WHAT THIS TASK INVOLVES.
Word for word, and with pictures excluded, copy out all the records that follow.

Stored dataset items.
━━━━━━━━━━━━━━━━━━━━━━━━━━━━━━

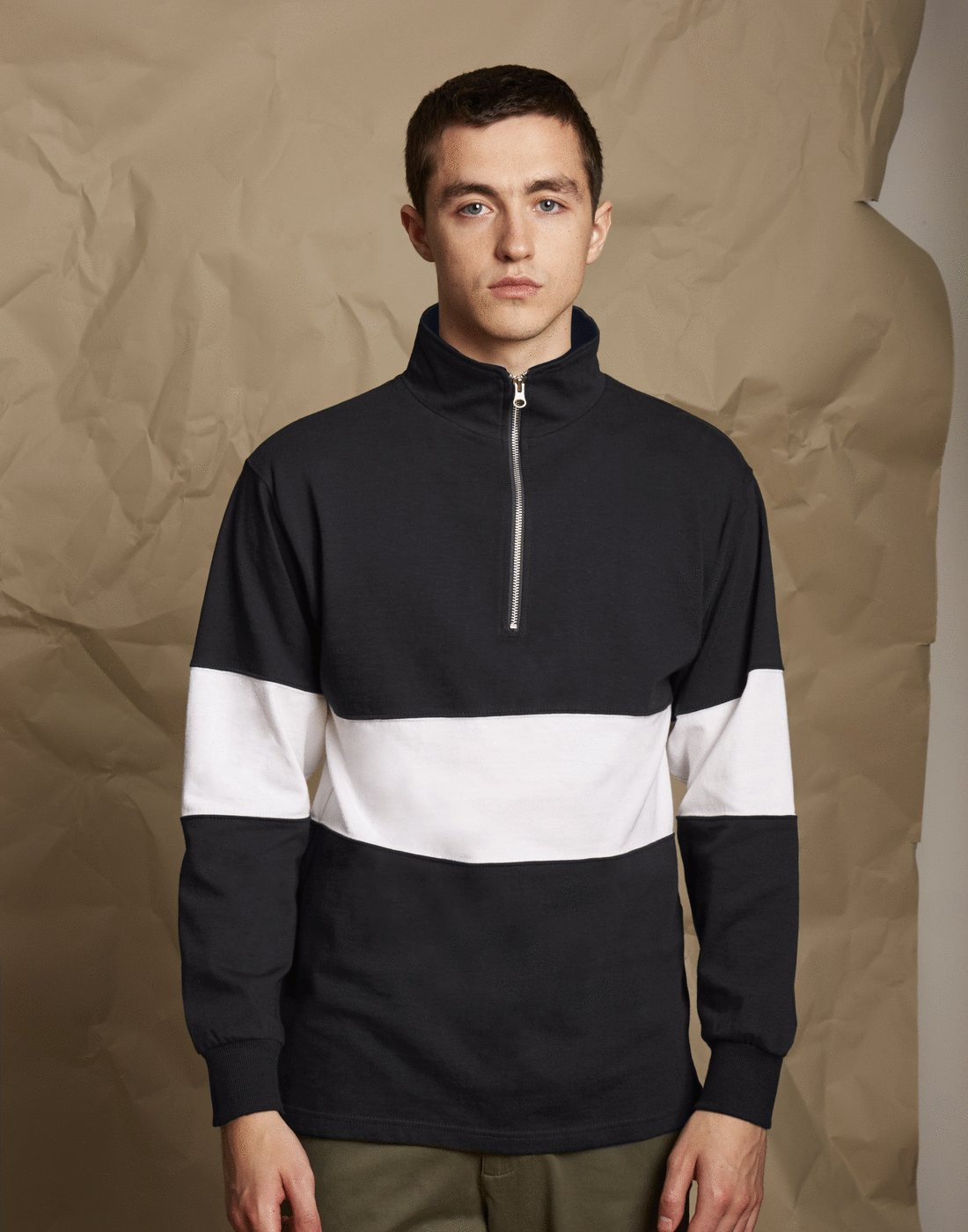 100% ringspun cotton 300gsm 34/36 36/38 38/40 42 44/46 48 Retro fit fashion 1/4 zip Heavyweight single ejersey fabric Cut and sew contrast panel around centre Self fabric funnel neck and silver YKK metal zipper and zip pull Herringbone back neck tape and contrast herringbone taped side vents and shoulders Stepped hem Elastane reinforced ribbed cuffs for shape retention
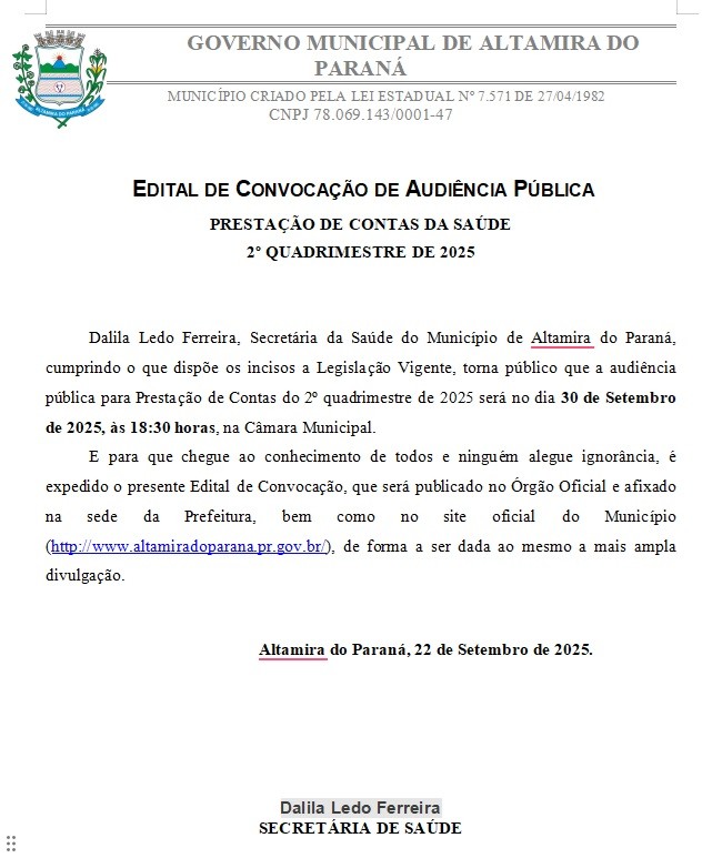 Dalila Ledo Ferreira, Secretária da Saúde do Município de Altamira do Paraná, cumprindo o que dispõe os incisos a Legislação Vigente, torna público que a audiência pública para Prestação de Contas do 2º quadrimestre de 2025 será no dia 30 de Setembro de 2025, às 18:30 horas, na Câmara Municipal.
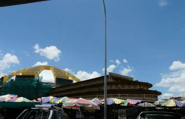 Aussi appelé New Shit, il est au cœur de la ville, à côté de la gare routière Soriya, et plus ou moins à mi-chemin entre le Palais Royal et le Wat Phnom (plutôt près de ce dernier). Il s’agit d’un bâtiment en forme d'X avec un dôme jaune à l’intérieur. Dans chaque bras de l’X, les stands ont un thème: l'un pour la boucherie, un autre pour les vêtements et accessoires, puis pour les légumes et fruits. Mais, il y a tellement de stands que finalement le bâtiment est presque entouré d'un tas d’étals. Comme dans tous les marchés d’Asie du Sud-Est, on peut trouver presque tout. Comme il se caractérise par le grand nombre d’imitations, je dirai que c'est le marché des contrefaçons, tout y est une imitation, généralement de très mauvaise qualité.
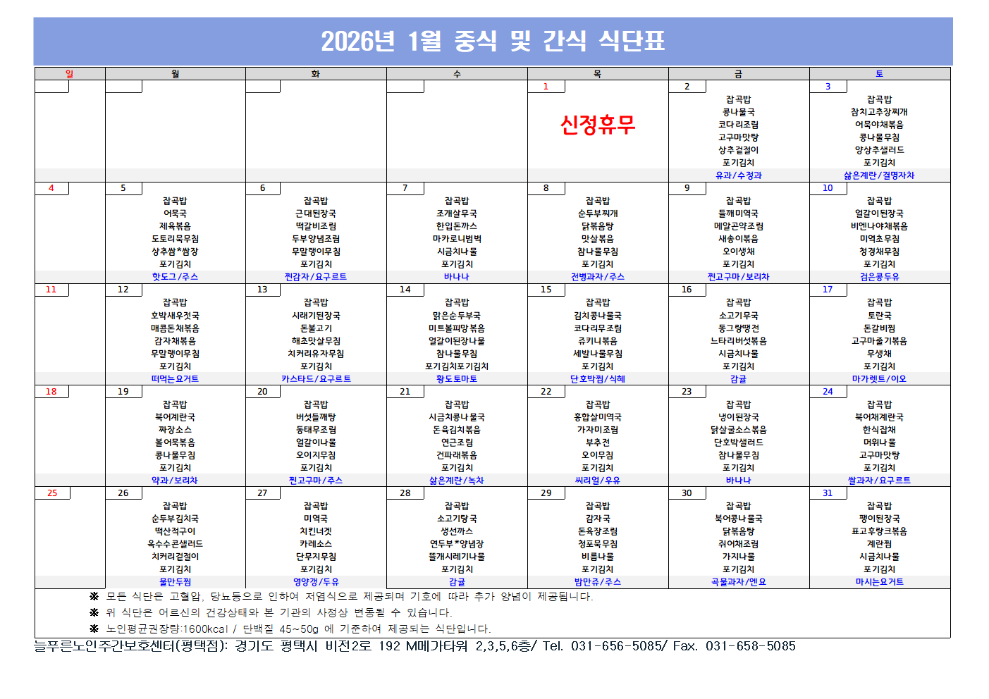 2026 1월 식단표 (평택점)
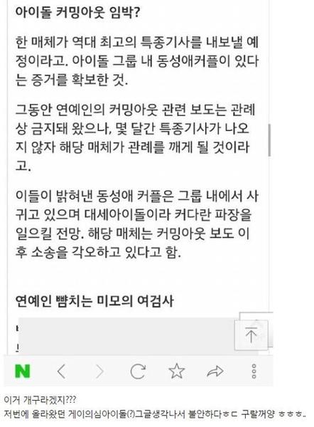 然而,文章中的同性情侣被形容为,同团体内的两名同性成员,且该团是目前炙手可热的大势偶像,消息一出后马上引起大批网友讨论,更有乡民马上联想到2015年时,曾有人爆出某男团偶像是同性恋的消息,引起诸多揣测,只不过由媒体爆出偶像同性恋爱的这个举动,也遭到不少网民讨伐,认为擅自对人强制出柜是件霸凌的行为。
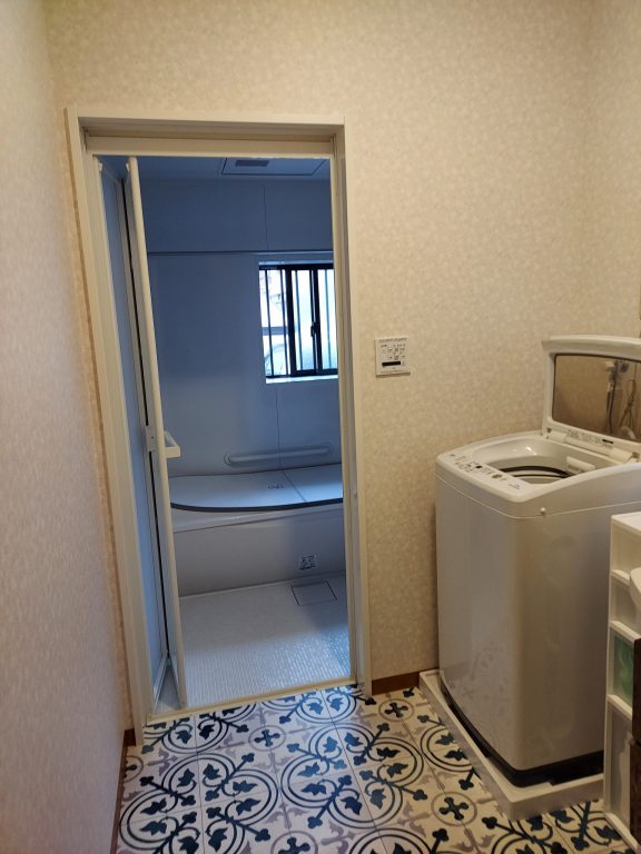 築30年以上経っていて、傷みも激しく、洗面所は床・壁・天井全て解体し、施工しました。洗面所扉部分は、収まりが悪く、特に気を使いながら施工致しました。施工後、浴室に白蟻が再発生するなど、ハプニングもありましたが、白蟻駆除を実施し、その後は快適にお使いになられているとご報告を頂きました。良かったです。これからもよろしくお願い致します。
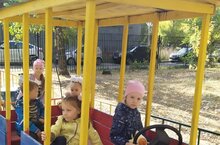 В один из погожих сентябрьских деньков мы с детьми совершили увлекательную, занимательную и познавательную прогулку на тему «Мы по садику гуляли…», и отправились в путь на весёлом паровозике. Двигаясь вперёд по дорожкам участка, малыши хором проговаривали: «Утром небо было хмурым, и казалось все понурым. Осень очень любит плакать, дождиком на землю капать. Любит листьями шуршать, и с деревьев их срывать».

━━━━━━━━━━━━━━━━━━━━━━━━━━━━━━

ANSWER SECTION.
 100% ringspun cotton 300gsm 34/36 36/38 38/40 42 44/46 48 Retro fit fashion 1/4 zip Heavyweight single ejersey fabric Cut and sew contrast panel around centre Self fabric funnel neck and silver YKK metal zipper and zip pull Herringbone back neck tape and contrast herringbone taped side vents and shoulders Stepped hem Elastane reinforced ribbed cuffs for shape retention
 Dalila Ledo Ferreira, Secretária da Saúde do Município de Altamira do Paraná, cumprindo o que dispõe os incisos a Legislação Vigente, torna público que a audiência pública para Prestação de Contas do 2º quadrimestre de 2025 será no dia 30 de Setembro de 2025, às 18:30 horas, na Câmara Municipal.
 Aussi appelé New Shit, il est au cœur de la ville, à côté de la gare routière Soriya, et plus ou moins à mi-chemin entre le Palais Royal et le Wat Phnom (plutôt près de ce dernier). Il s’agit d’un bâtiment en forme d'X avec un dôme jaune à l’intérieur. Dans chaque bras de l’X, les stands ont un thème: l'un pour la boucherie, un autre pour les vêtements et accessoires, puis pour les légumes et fruits. Mais, il y a tellement de stands que finalement le bâtiment est presque entouré d'un tas d’étals. Comme dans tous les marchés d’Asie du Sud-Est, on peut trouver presque tout. Comme il se caractérise par le grand nombre d’imitations, je dirai que c'est le marché des contrefaçons, tout y est une imitation, généralement de très mauvaise qualité.
 2026 1월 식단표 (평택점)
 然而,文章中的同性情侣被形容为,同团体内的两名同性成员,且该团是目前炙手可热的大势偶像,消息一出后马上引起大批网友讨论,更有乡民马上联想到2015年时,曾有人爆出某男团偶像是同性恋的消息,引起诸多揣测,只不过由媒体爆出偶像同性恋爱的这个举动,也遭到不少网民讨伐,认为擅自对人强制出柜是件霸凌的行为。
 築30年以上経っていて、傷みも激しく、洗面所は床・壁・天井全て解体し、施工しました。洗面所扉部分は、収まりが悪く、特に気を使いながら施工致しました。施工後、浴室に白蟻が再発生するなど、ハプニングもありましたが、白蟻駆除を実施し、その後は快適にお使いになられているとご報告を頂きました。良かったです。これからもよろしくお願い致します。
 В один из погожих сентябрьских деньков мы с детьми совершили увлекательную, занимательную и познавательную прогулку на тему «Мы по садику гуляли…», и отправились в путь на весёлом паровозике. Двигаясь вперёд по дорожкам участка, малыши хором проговаривали: «Утром небо было хмурым, и казалось все понурым. Осень очень любит плакать, дождиком на землю капать. Любит листьями шуршать, и с деревьев их срывать».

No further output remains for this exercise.